The supplemental indenture designates the period between 15 November 2012, and 15 March 2013 as the “Special Early Redemption Period.” At the end of the Special Early Redemption Period, Chesapeake gave notice that it was redeeming the notes at par, and it redeemed the notes after the Special Early Redemption Period. The indenture trustee filed suit, arguing that under the supplemental indenture Chesapeake could redeem the notes at par only during the Special Early Redemption Period. On appeal, the Second Circuit agreed with the indenture trustee.
Here’s the relevant language from section 1.7(b) of the supplemental indenture:
At any time from and including November 15, 2012 to and including March 15, 2013 (the “Special Early Redemption Period”), [Chesapeake], at its option, may redeem the Notes in whole or from time to time in part for price equal to 100% of the principal amount of the Notes to be redeemed .… [Chesapeake] shall be permitted to exercise its option to redeem the Notes pursuant to this Section 1.7 so long as it gives the notice of redemption pursuant to Section 3.04 of the Base Indenture during the Special Early Redemption Period. Any redemption pursuant to this Section 1.7(b) shall be conducted, to the extent applicable, pursuant to the provisions of Sections 3.02 through 3.07 of the Base Indenture.

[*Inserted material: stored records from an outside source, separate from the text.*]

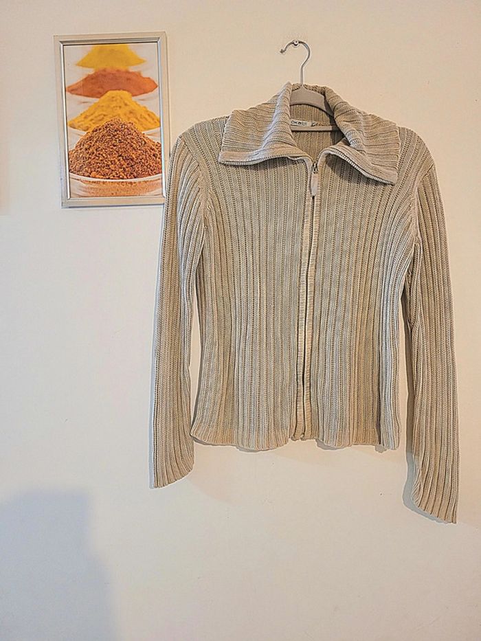 Gilet à tirette beige "okaidi" taille 12 ans - photo numéro 1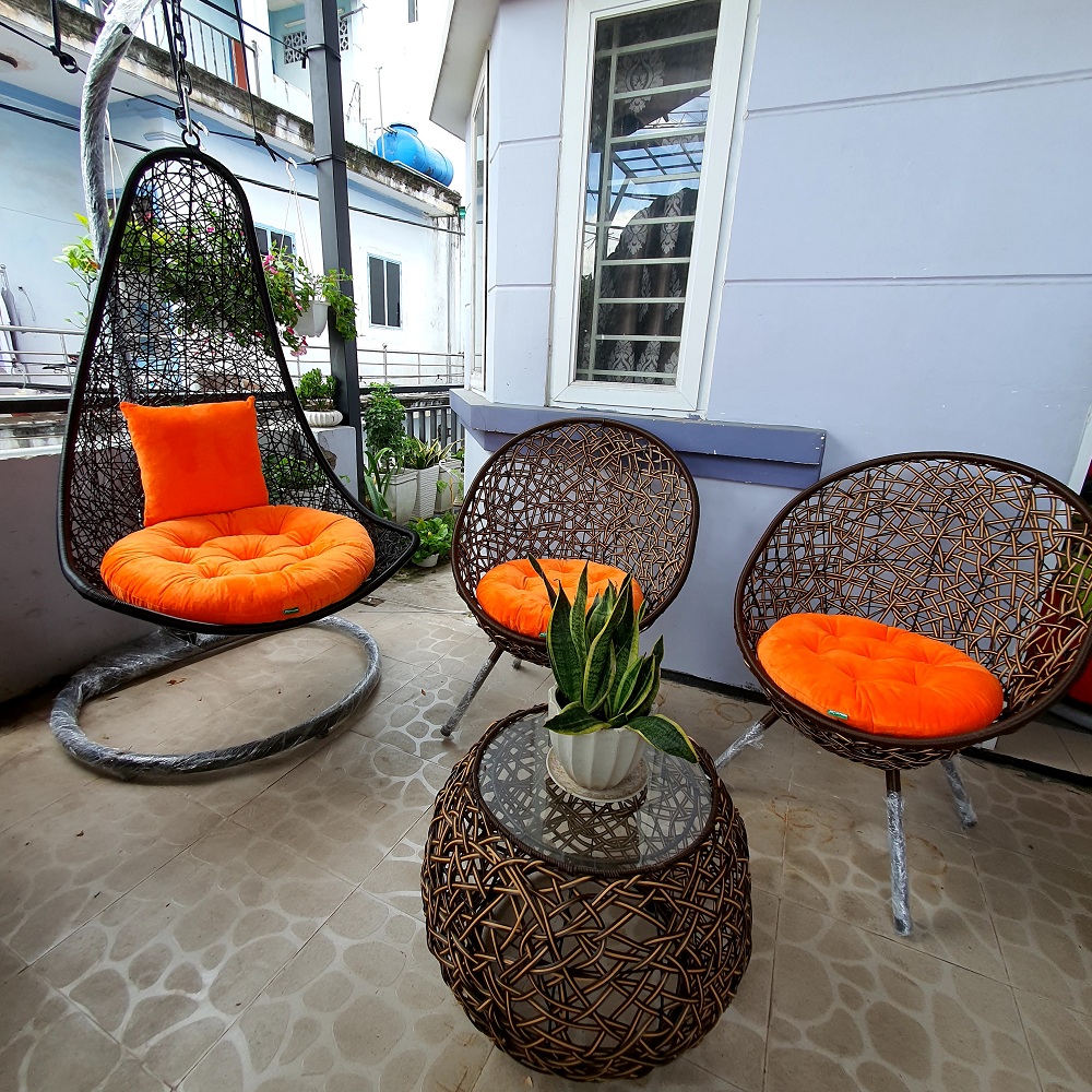 Bộ sản phẩm gồm : 01 bàn mặt kính + 02 ghế + 01 xích đu như hình Đặc biệt kèm theo bộ nệm xích đu + 02 đệm ghế chất liệu vải nhung màu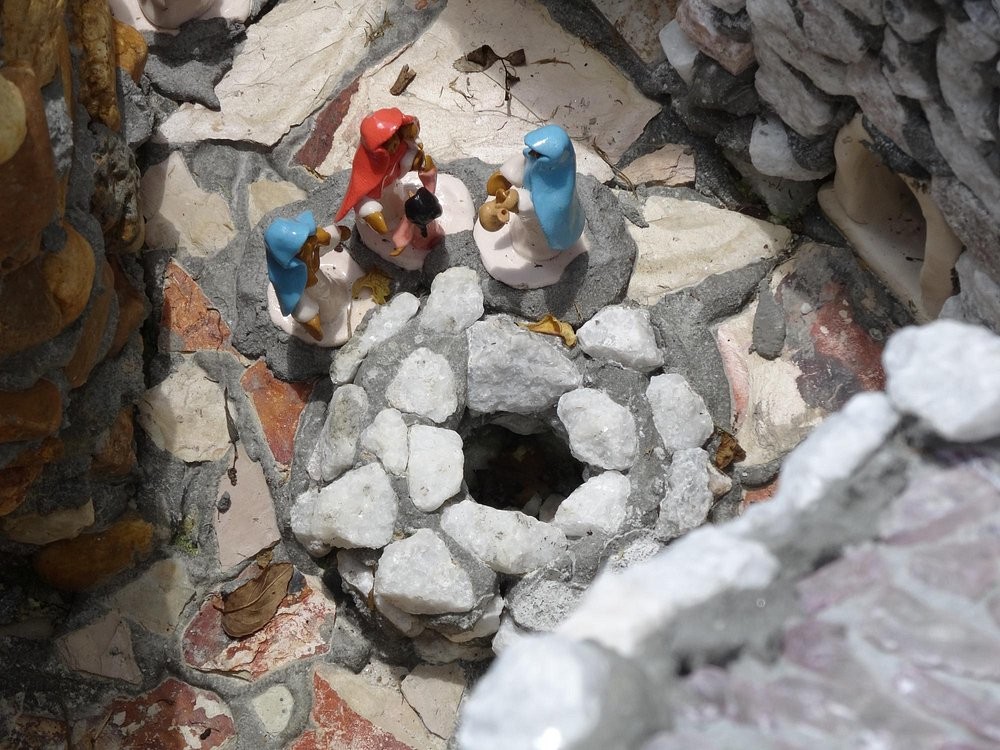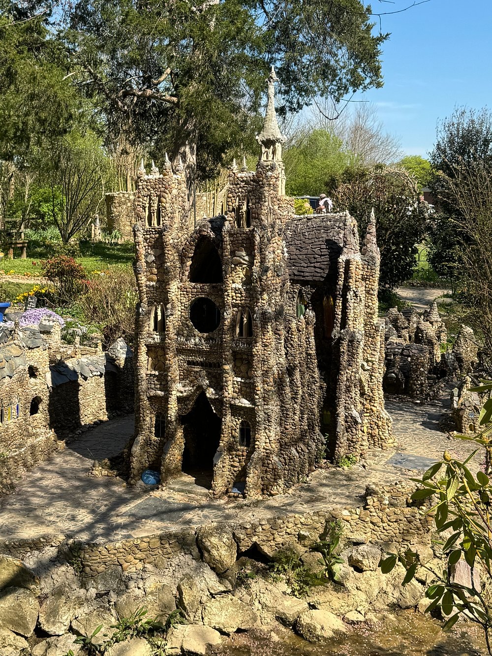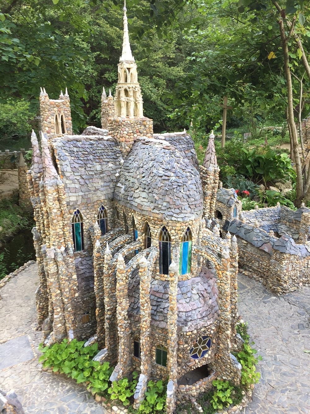 Более 50 крошечных строений, формирующих сад, кропотливо сложены из мелких камушков, ракушек, осколков стекла, проволоки, цемента и других подручных материалов. Прогулка по саду переносит гостей от парижского собора Нотр-Дам с его витражами из цветного стекла до величественных замков, возведённых из гальки и раковин. Интерьеры и закоулки этих сооружений населяют фарфоровые человечки, а по всему ландшафту расставлены небольшие фигурки животных из фарфора.

And here’s relevant language from section 3.04 of the base indenture:
(a) At least 30 days but not more than 60 days before a redemption date, [Chesapeake] shall mail a notice of redemption…to each Holder of Securities ….
Two things that come to mind:
First, Glenn says, “The actual subjective intent of the above provisions may well have been to provide Chesapeake a four month period in which to provide the required 30-60 days’ notice of redemption rather that to complete the actual redemption.” If that’s what the drafter intended, they screwed up. For Chesapeake’s meaning to apply, “redeem” would have to actually mean “give notice of redemption”. That interpretation is not only counterintuitive, it’s actually precluded by the way section 1.7(b) says both “may redeem” and “gives the notice of redemption”. That suggests that the drafter was aware of the distinction, and that “redeem” could mean only, well, redeem. If you argue that redeeming and giving notice of redemption mean the same thing, you would have to explain why the drafter in effect saw fit to say the same thing twice.

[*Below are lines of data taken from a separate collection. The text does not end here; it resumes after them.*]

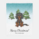 A ilustração original de desenho animado de Destei de um cão da raça Cavalier, preto e de cor bronca. O cachorro é colocado numa cena de inverno. No local, está nevando ao fundo e há três pés verdes atrás do cão. As árvores têm neve neles. O fundo é um gradiente azul-claro a branco que dá a esta design aquele congelando do dia frio de inverno. Há também uma área de texto personalizável que agora lê "Feliz Natal!" em uma bela fonte de script. Sob ela, há outra área de texto personalizável para um nome de família ou outro texto personalizado.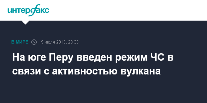 Лима. 19 июля. ИНТЕРФАКС - Власти провинции Арекипа на юге Перу объявили о введении режима чрезвычайного положения в семи районах в связи с активностью вулкана Сабанкая, пишет в пятницу местная газета El Comercio.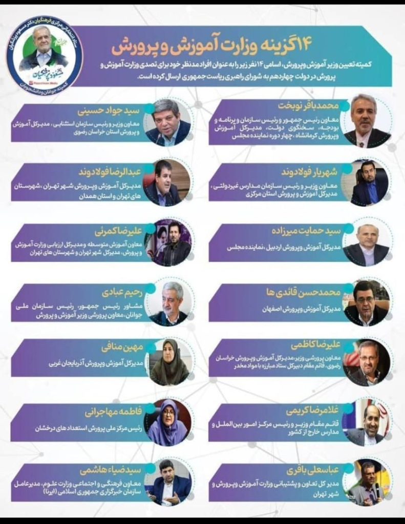 گزینه وزارت آموزش و پرورش که از سوی یکی از اعضای کمیته تعیین وزیر آموزش و پرورش انتشار یافته که در این بین وجود محمدباقر نوبخت ۷۴ساله بر خلاف بازه سنی اعلام شده قابل توجه بوده هرچند با توجه به ارتباطات این مقام سابق، بعید نیست از سوی دولت به مجلس معرفی گردد.

But the trustee’s interpretation is problematic, too. It’s odd that section 1.7(b) made it a condition to redemption during the Special Early Redemption Period that notice of redemption be given during the Special Early Redemption Period. That had the effect of shortening by 30 days the period for redemption. In effect, contrary to what section 1.7(b) says, Chesapeake could not redeem the notes during the entire Special Early Redemption Period. If that was what was intended, it would have been clearer to shorten the Special Early Redemption Period. I suspect that the requirement that notice be given during the Special Early Redemption Period was added later without fully considering the implications.
Accepting the trustee’s interpretation requires less in the way of contortions, so I can understand why the Second Circuit accepted it.
In his post, Glenn advises lawyers to stay current on important drafting-related caselaw “so that they are in a better position to be able to accurately ‘predict’ how a court will interpret the words used in those agreements.” That’s good advice, of course, but the Chesapeake dispute could have been avoided if something far more basic had been on hand when drafts were being circulated: a fresh pair of eyes.